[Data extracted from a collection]
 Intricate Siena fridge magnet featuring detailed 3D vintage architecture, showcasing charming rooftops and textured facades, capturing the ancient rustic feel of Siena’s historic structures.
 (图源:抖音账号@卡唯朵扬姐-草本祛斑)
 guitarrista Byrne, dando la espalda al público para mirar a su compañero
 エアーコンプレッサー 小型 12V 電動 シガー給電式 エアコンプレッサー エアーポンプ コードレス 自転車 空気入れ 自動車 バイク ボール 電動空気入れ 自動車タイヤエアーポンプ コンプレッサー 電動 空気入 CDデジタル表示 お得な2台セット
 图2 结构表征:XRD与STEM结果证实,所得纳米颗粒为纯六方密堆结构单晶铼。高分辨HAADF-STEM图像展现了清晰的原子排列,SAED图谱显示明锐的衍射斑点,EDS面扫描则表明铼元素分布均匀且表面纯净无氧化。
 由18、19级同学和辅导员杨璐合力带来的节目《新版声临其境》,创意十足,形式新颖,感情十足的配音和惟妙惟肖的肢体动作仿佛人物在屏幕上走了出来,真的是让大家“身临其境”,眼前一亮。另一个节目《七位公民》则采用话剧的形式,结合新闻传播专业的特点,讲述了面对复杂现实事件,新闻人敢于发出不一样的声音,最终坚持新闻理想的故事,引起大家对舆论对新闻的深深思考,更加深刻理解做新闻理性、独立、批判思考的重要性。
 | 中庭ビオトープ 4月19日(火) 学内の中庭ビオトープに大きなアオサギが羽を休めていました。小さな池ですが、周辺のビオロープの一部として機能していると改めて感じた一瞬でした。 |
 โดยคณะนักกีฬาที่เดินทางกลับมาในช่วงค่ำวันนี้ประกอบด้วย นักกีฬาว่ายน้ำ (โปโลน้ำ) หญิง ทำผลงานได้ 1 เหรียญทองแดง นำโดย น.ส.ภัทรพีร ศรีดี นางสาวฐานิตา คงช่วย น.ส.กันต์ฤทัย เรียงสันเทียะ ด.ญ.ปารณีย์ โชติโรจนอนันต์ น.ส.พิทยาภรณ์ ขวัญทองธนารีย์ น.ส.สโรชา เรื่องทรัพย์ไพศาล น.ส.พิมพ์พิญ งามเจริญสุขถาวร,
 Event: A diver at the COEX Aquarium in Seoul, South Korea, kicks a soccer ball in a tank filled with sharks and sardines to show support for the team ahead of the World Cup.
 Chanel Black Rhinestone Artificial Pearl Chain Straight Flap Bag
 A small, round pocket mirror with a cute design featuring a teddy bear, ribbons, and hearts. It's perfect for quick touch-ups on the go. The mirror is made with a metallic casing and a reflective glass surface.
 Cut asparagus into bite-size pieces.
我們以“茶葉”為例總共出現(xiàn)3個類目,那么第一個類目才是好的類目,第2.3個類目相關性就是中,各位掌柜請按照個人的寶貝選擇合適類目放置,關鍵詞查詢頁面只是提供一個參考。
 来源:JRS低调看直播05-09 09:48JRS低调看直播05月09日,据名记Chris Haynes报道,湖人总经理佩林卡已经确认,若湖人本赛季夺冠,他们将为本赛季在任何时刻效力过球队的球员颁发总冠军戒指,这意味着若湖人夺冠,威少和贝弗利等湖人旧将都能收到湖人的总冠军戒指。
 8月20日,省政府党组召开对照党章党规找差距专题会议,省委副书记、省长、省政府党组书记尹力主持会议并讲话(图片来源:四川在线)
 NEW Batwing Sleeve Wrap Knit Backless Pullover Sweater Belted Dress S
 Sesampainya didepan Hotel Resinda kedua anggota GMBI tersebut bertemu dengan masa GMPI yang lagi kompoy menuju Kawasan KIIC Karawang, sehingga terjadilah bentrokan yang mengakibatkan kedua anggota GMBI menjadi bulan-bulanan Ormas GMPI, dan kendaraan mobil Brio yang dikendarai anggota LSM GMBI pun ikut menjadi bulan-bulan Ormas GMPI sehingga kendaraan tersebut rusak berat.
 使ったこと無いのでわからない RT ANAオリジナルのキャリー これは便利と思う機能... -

**HOW TO COMPLETE THIS TASK:**
Using the records above, restate word for word the lines from the one with "图2 结构表征:XRD与ST" through the one with "由18、19级同学和辅导员杨", both included.

**WRITTEN RESPONSE:**
 图2 结构表征:XRD与STEM结果证实,所得纳米颗粒为纯六方密堆结构单晶铼。高分辨HAADF-STEM图像展现了清晰的原子排列,SAED图谱显示明锐的衍射斑点,EDS面扫描则表明铼元素分布均匀且表面纯净无氧化。
 由18、19级同学和辅导员杨璐合力带来的节目《新版声临其境》,创意十足,形式新颖,感情十足的配音和惟妙惟肖的肢体动作仿佛人物在屏幕上走了出来,真的是让大家“身临其境”,眼前一亮。另一个节目《七位公民》则采用话剧的形式,结合新闻传播专业的特点,讲述了面对复杂现实事件,新闻人敢于发出不一样的声音,最终坚持新闻理想的故事,引起大家对舆论对新闻的深深思考,更加深刻理解做新闻理性、独立、批判思考的重要性。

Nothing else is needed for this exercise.